The Change the Mascot effort, supported by the Oneida Indian Nation and the National Congress of American Indians, has responded to the UC Berkeley study by renewing its call for the NFL and Snyder to change the name of the team.
“Having long called attention to the deeply offensive use and lasting psychological impacts stemming from the NFL’s use of a dictionary-defined slur for Native Americans, we are now urging the Washington team and NFL officials to take our collective voices seriously and finally change the mascot,” Oneida Indian Nation Representative Ray Halbritter, who runs the Change the Mascot campaign, said in a statement. “Native Americans from across the country have been calling for the eradication of the racist and hurtful R-word epithet. And while we are pleased to see prestigious universities devote their attention to the issue, it should not require academic studies to validate appeals by people of color for decency and respect.”
I stopped using the term several years ago out of respect for those Native Americans who are offended by the term, no matter the precise number. (I have not issued a mandate to all PFT writers to follow suit; they can decide on their own whether to use the term, which continues to be the officially acknowledged name of an NFL franchise.) And here’s the fundamental question the NFL and Snyder must continue to ask themselves is this: What number of genuinely offended Native Americans is acceptable?

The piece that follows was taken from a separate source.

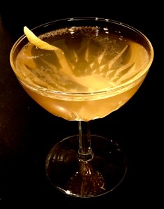 Shake, strain into a cocktail glass, garnish with a lemon peel, and enjoy. I think it’s bette with just a bit more lemon juice, but that’s just me.

Yes, this post will trigger comments about political correctness run amok and it will spark a parade of horribles regarding potential franchise name changes for teams like the Giants (because it potentially offends large people) and the Saints (because it potentially offends sinners). The reality, no matter how many fans of the team get angry at me for declining to use the term, is this: Only one NFL team has a name that is recognized as a racial slur. And, inexplicably, the NFL is fine with that.
At some point in the hopefully-not-too-distant future, history will regard this dynamic with the same incredulity that it regards other examples of blatantly racist conduct that, through the passage and time and thanks to right-minded men and women of goodwill, was eventually regarded as wrong and, in turn, abandoned.